Continuing Education
The single best feature of membership in the District of Columbia Bar is the absence of any continuing legal education (CLE) obligations.
Not so for most Bars such as Kansas per these hearing panel findings
On September 8, 2017, while attending the in-person video replay CLE program, the respondent also viewed online on-demand CLE programs offered by Lawline. The respondent completed five online on-demand CLE programs offered by Lawline at 12:35 p.m., 2:10 p.m., 4:06 p.m., 5:23 p.m., and 10:53 p.m. For the Missouri bar, the respondent certified that he ‘listened/viewed the program in a setting suitable to the course and a suitable writing surface was available.’ Just below the respondent’s signatures, the five certificates included statements that a ‘materially false statement shall be subject to appropriate disciplinary action.’
The respondent forwarded information to the Kansas CLE Commission claiming that he attended 400 minutes of CLE for eight hours of CLE credit, including zero hours of ethics credit, for attending the in-person video replay CLE program. The respondent also forwarded information to the Kansas CLE Commission claiming 360 minutes of CLE credit, including 120 minutes of ethics credit for viewing the online on demand CLE programs offered by Lawline. The Kansas CLE Commission received the information from the respondent on September 11, 2017.
No multitasking allowed.
When the issue came to light
After learning that the respondent was claiming more than eight hours of CLE credit for one day, Shelley Sutton, Executive Director of the Kansas CLE Commission called the respondent. Ms. Sutton asked the respondent whether he viewed the online courses while in attendance at the in-person video replay CLE program. The respondent falsely denied doing so. The respondent claimed that during the in-person video replay CLE program, the respondent merely logged into the Lawline website to print out the certificates of attendance. Ms. Sutton asked the respondent to contact Lawline and request the ‘backlog’ which would show the respondent’s login and logoff times and polling verification.

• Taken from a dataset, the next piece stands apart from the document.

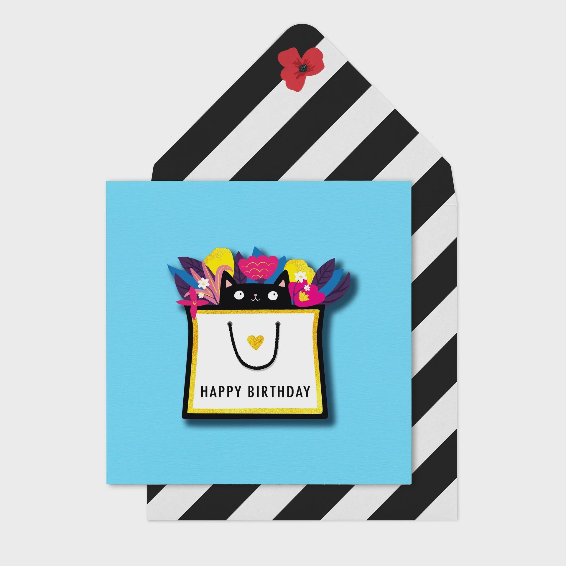 Birthday Card: 3D Happy Birthday' Cat in Bag - Tache - 3D card, handmade in the UK, Comes with a matching printed envelope, Luxury 350 gsm Board, Blank inside for your own message Dimensions: 175 x 140 mm

About an hour later, the respondent called Ms. Sutton and admitted to her that he had watched the online programs while in attendance at the in-person video replay program. Ms. Sutton recommended that the respondent self-report his conduct to the disciplinary administrator’s office. Ms. Sutton informed the respondent that he would not receive credit for any of the programming he attended on September 8, 2017.
He self-reported the misconduct.
He had had prior admonitions for Rule 1.1 and 1.4 violations.
Sanction
The evidence before the hearing panel establishes by clear and convincing evidence the charged conduct violated KRPC 8.4(c) (2019 Kan. S. Ct. R. 387) (conduct involving dishonesty, fraud, deceit, or misrepresentation), 8.4(g) (2019 Kan. S. Ct. R. 387) (conduct adversely reflecting on lawyer’s fitness to practice law), and Supreme Court Rule 211(b) (2019 Kan. S. Ct. R. 257) (failure to file timely answer in disciplinary proceeding). We adopt the panel’s findings and conclusions.
The only remaining issue is determining the appropriate discipline for respondent’s violations. The hearing panel unanimously recommended respondent receive a censure and that the censure be published in the Kansas Reports.
The court imposed the proposed censure.